Same Elo system used in chess. Every blind A/B vote updates both models' ratings: the winner gains points proportional to the rating gap (more points for upsetting a higher-rated model), the loser loses the same. After millions of votes, the rating converges on a stable rank order. Differences below 10 Elo are within noise; differences above 30 Elo are reliably meaningful in production.

Why is the LMSys leaderboard important?

Three reasons. (1) It measures human preference, not benchmark accuracy, which correlates better with downstream usefulness. (2) It uses blind A/B comparison, eliminating brand bias. (3) Crowdsourced volume (millions of votes) gives statistical confidence that no single-shot benchmark can match. Procurement teams routinely require an LMSys position before approving a new model.

Who is at the top of the LMSys leaderboard in 2026?

Claude Opus 4.8 is the new #1, leading both the overall arena (~1580 Elo) and the coding sub-leaderboard (~1582 Elo) after topping the Artificial Analysis Intelligence Index at 61.4. Claude Opus 4.7 and GPT-5.5 Pro follow, with Gemini 3.1 Pro leading science and 2M-context categories.

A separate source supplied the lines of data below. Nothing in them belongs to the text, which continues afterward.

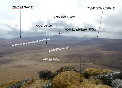 ![]() Approximate location of the battle, looking south, taken from the peak of Morven (Anglicised from 'A' Mhòr Bheinn', also referred to as ''Bheinn Mòr" by Robert Gordon. It essentially just means 'The Big Hill'). 'Garvery' is an Anglicisation of 'Garbharry', the name of the hill and burn(s) just to the south of Morven. | |||||||
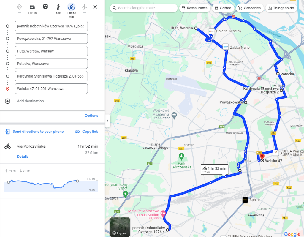 Trasa będzie przebiegać po ścieżkach rowerowych, będą dwa podjazdy w ramach pierwszego odcinka Ursus – Powązki Wojskowe). Ocena trasy: łatwa
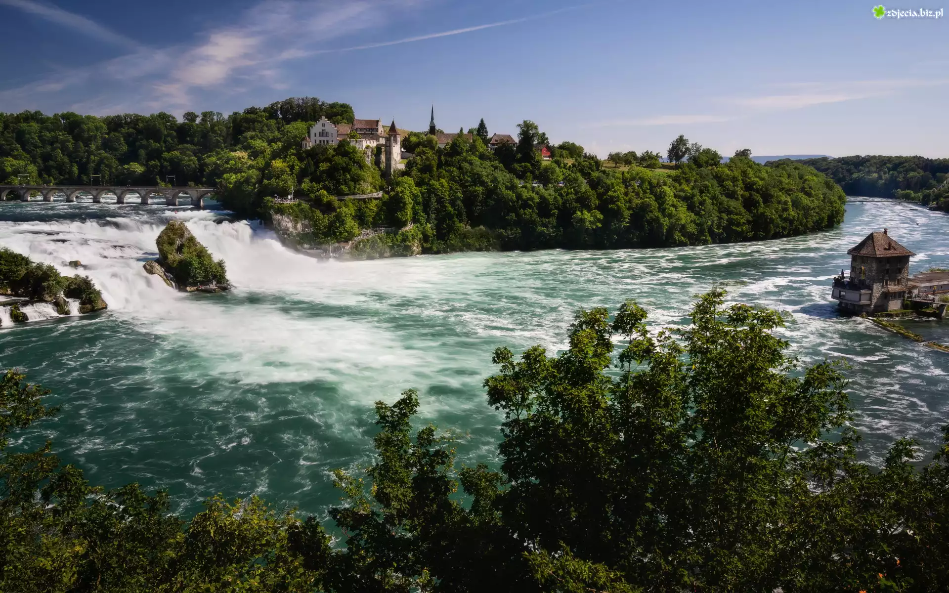 Zdjęcie Wodospad Rheinfall, Rzeka Ren, Zamek Laufen, Neuhausen am Rheinfall, Kanton Szafuza, Szwajcaria |
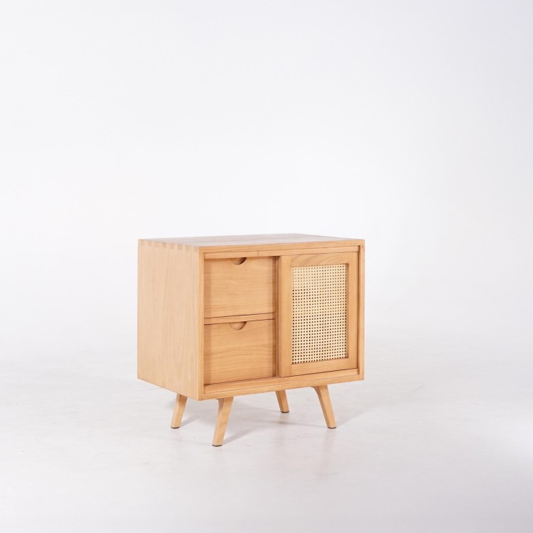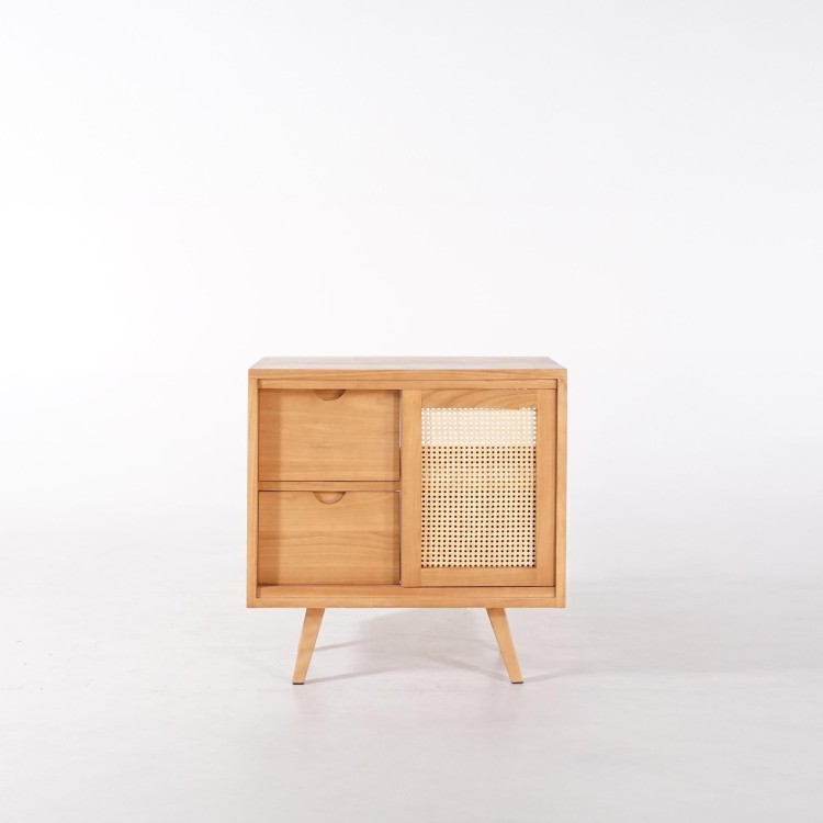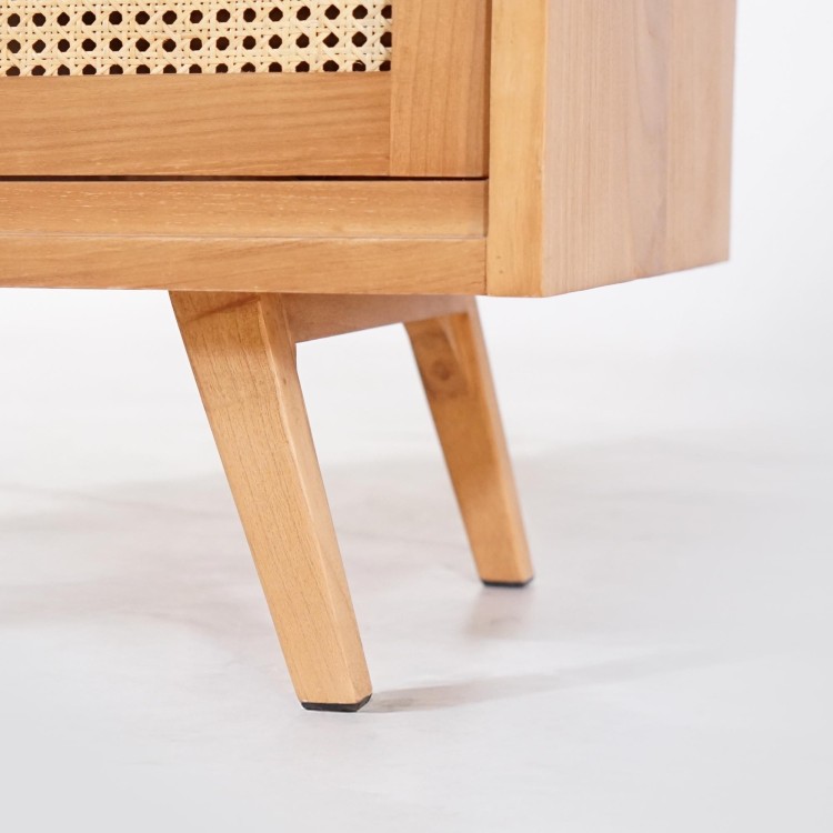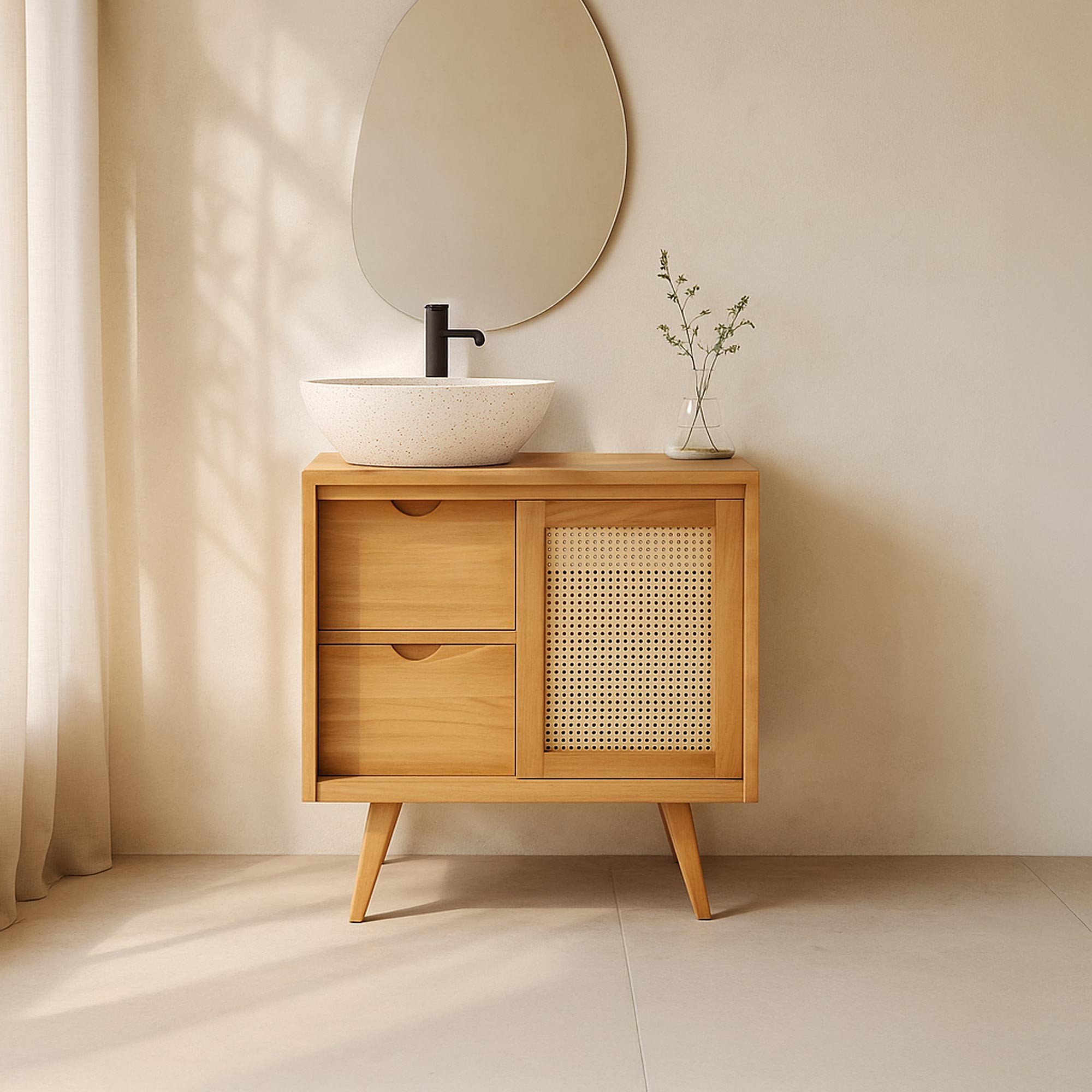 Unsere Designer haben das Badezimmermöbel aus Massivholz auf Füßen Anaya 80 cm als eine kompaktere Interpretation des ikonischen Modells der Kollektion entworfen – gedacht für intime und helle Räume. Für Liebhaber natürlicher Linien und edler Materialien vereint es die Wärme von Mindi-Holz mit der Leichtigkeit handgeflochtener Wiener Geflecht-Elemente zu einem sanften, beruhigenden und zeitlosen Gesamtbild.

The top 10 also includes GPT-5.5, Claude Sonnet 4, Gemini 3.0, DeepSeek V4 Pro, Alibaba's Qwen 3.7 Max, and Grok 4.

What is the difference between LMSys, LMArena, and Chatbot Arena?

Same thing under different names. The Large Model Systems organisation (LMSys) at UC Berkeley launched Chatbot Arena in 2023. The platform later rebranded to LMArena (lmarena.ai) under its independent corporate entity. People still use all three terms interchangeably to refer to the leaderboard.

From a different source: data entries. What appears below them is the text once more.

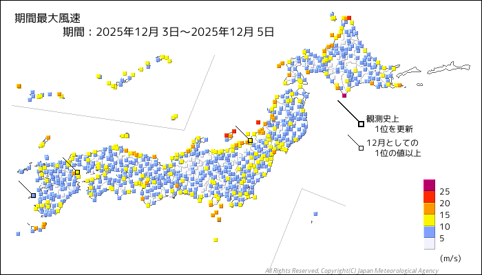 特定期間の風の状況(2025年12月 3日~2025年12月 5日)
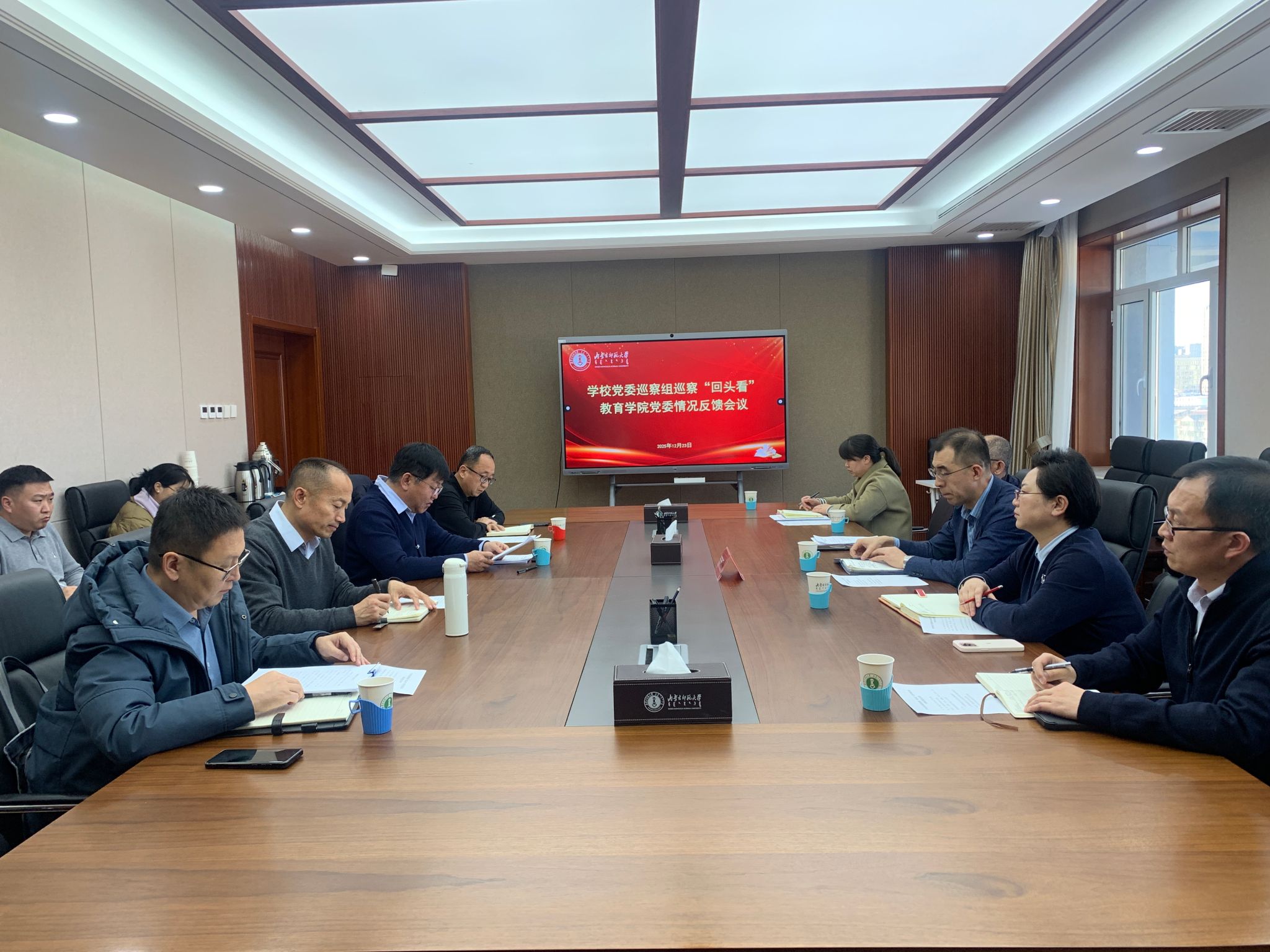 2025年12月23日下午,m88登录入口官网党委巡察组巡察“回头看”m88登录入口官网党委情况反馈会议在田家炳教育书院728会议室召开。m88登录入口官网副校长景剑峰、巡察组组长李文胜、纪委副书记兼纪检监察处处长温菊花、组织部副部长刘永超、巡察办副主任张玉兰及m88登录入口官网领导班子成员、环节干部代表参会。
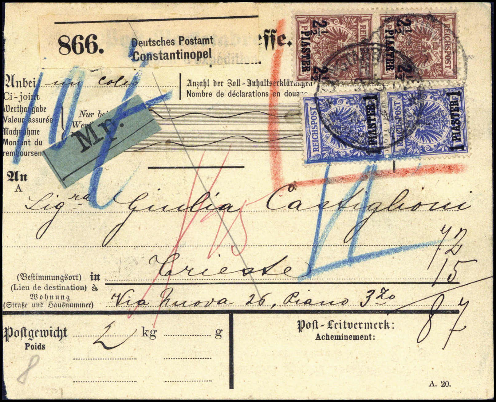 1 und 2½ Pia., je im tadellosen senkr. Paar mit Stempel CONSTANTINOPEL 1. 27/5 99 auf frisch erhaltener Paketkarte nach Triest, rs. Durchgangsstpl. von Konstanta und Orsova
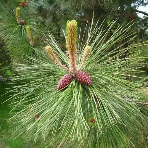 Сосна желтая - растет медленно, в молодом возрасте конической формы. Через 30 лет в высоту достигает более 10 м, а в ширину 2-3 м. Толстые и жесткие побеги — желто-коричневые, а иногда даже оранжевые, лимонные, издают приятный лимонный аромат. Иглы зеленого цвета, очень длинные (до 25 см).
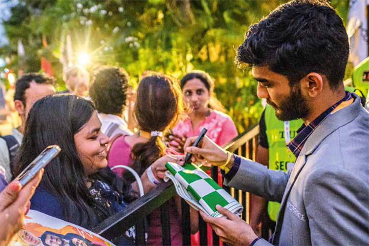 28.11.2025 – Der World Cup 2025 in Indien ist ein Schachfest für Spieler wie Zuschauer. Unter den 206 Teilnehmern befanden sich zu Turnierbeginn gleich 24 indische Spieler und die Resonanz in allen Medien – analog wie digital – war überwältigend. Von fast überall auf der Welt konnte man über die Social-Media-Kanäle das Treiben vor und im Spielsaal verfolgen und die Begeisterung der Menschen spüren. Gukesh Dommaraju erfüllte freundlich und geduldig die Autogrammwünsche der Fans. | Foto: Michal Walusza / FIDE
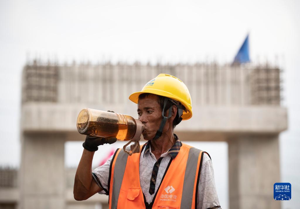 8月14日,建設人員在以色列特拉維夫輕軌綠線G3-4標段工程施工現場作業的間隙喝水。
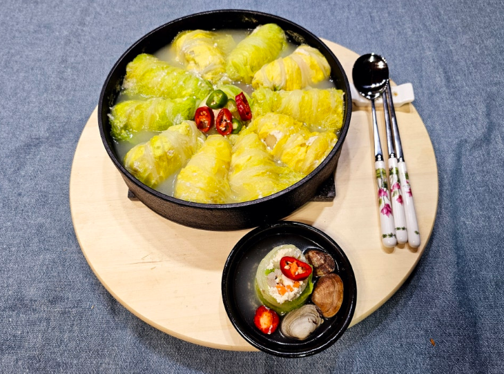 배추에는 식이섬유가 많아 변비에 좋고 뼈에 좋은 칼슘과 비타민이 풍부하게 들어 있어 감기 예방과 면역력 증강에도 효과가 있다고 합니다. 찬 바람이 불고 영하의 날씨 몸이 움츠러드는 겨울에 따뜻한 음식으로 영양 풍부하고 시원하면서 담백한 맛이 나는 배추말이 전골 드셔보시길 추천합니다.

How often does the LMSys leaderboard update?

Continuously. New votes flow in 24/7, and the public leaderboard typically refreshes weekly with the latest Elo ratings. Major model releases trigger a faster refresh, sometimes within hours, once enough votes accumulate to produce a stable rating.

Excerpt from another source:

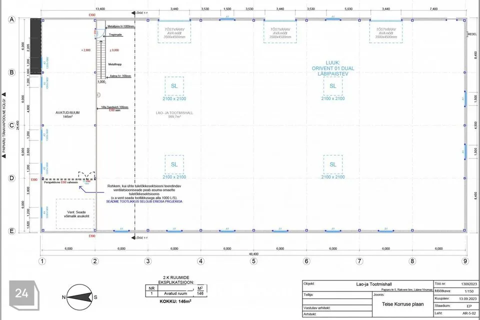 2. korrusel asub avatud ruum 146m², mida saab kasutada kontori või laoruumina või vastavalt otstarbele.
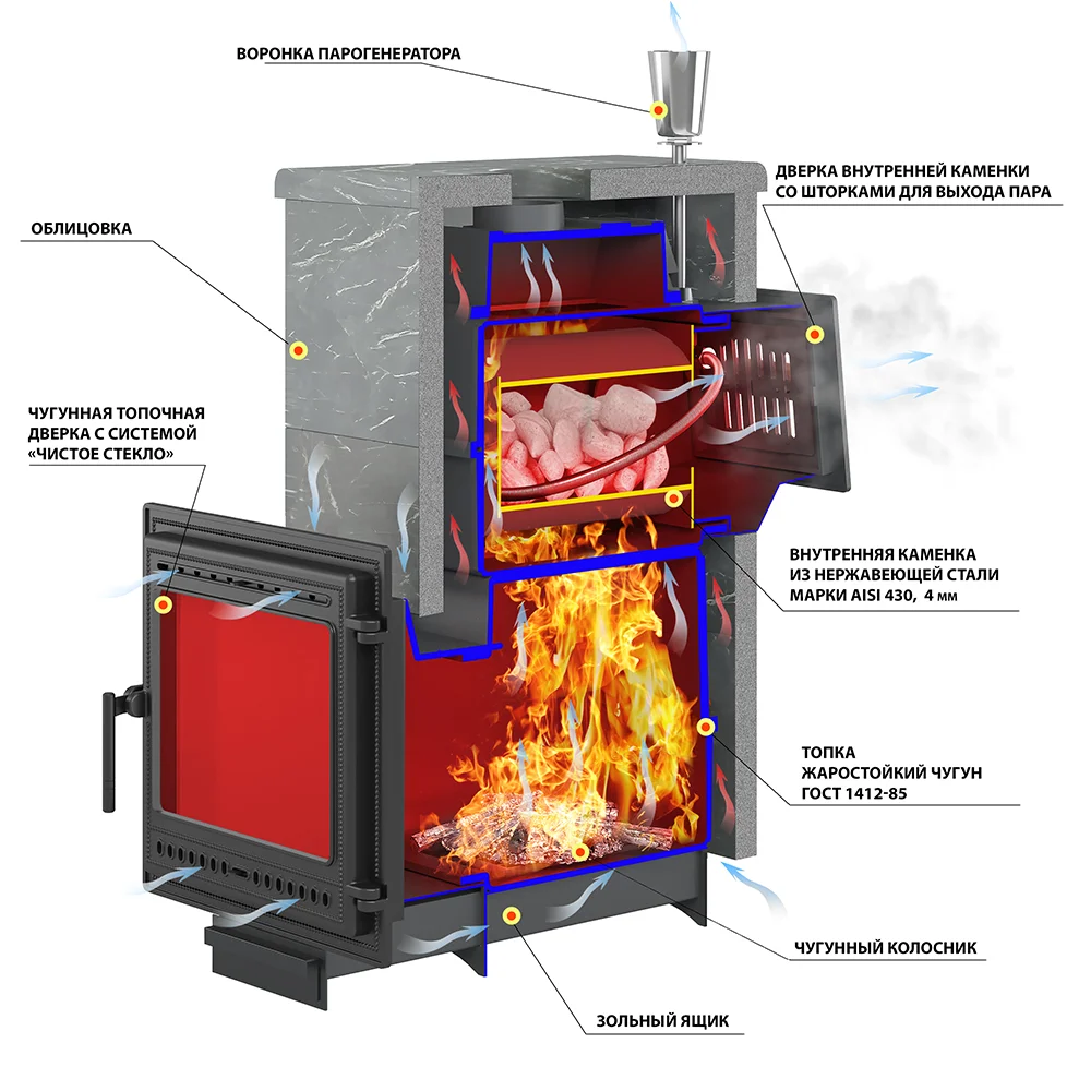 В комплект с чугунной банной печью «Легенда Русский пар 18 (505) Next» в облицовке из натурального камня.В комплект входит:

Are LMSys rankings gameable?

In theory, yes. A coordinated voting campaign for a specific model could move ratings. In practice, LMSys deploys multiple defences: prompt diversity sampling, vote velocity caps, account-quality filters, and per-region rate limits. The Elo system is also self-correcting: artificial inflation against a strong model produces enough losses to wash out gains.

How does the LMSys coding leaderboard differ from the overall arena?

Same Elo system, restricted to coding prompts. Voters classify their prompt as code-related (or the system infers it), and only those votes feed the coding sub-rating. Claude Opus 4.8 sits at #1 for coding (~1582 Elo), having overtaken Opus 4.7 (1567) — the gap reflects Claude's well-documented coding strength.

How do I use LMSys to pick a model?

Three steps. (1) Identify your dominant workload (coding, reasoning, science, multilingual, voice). (2) Pull the LMSys sub-leaderboard for that workload. (3) Filter by your binding constraint (cost, latency, context window, deployment posture). The top 2-3 models on the relevant sub-leaderboard that satisfy your constraint are usually within margin of error on quality.

Is LMSys the only AI leaderboard that matters?

No. Pair it with AAII (reasoning), GPQA Diamond (science), SWE-bench Pro (coding), and your own internal eval harness. LMSys captures human preference at the chat level; the others capture specific capabilities. The strongest production decisions combine all four.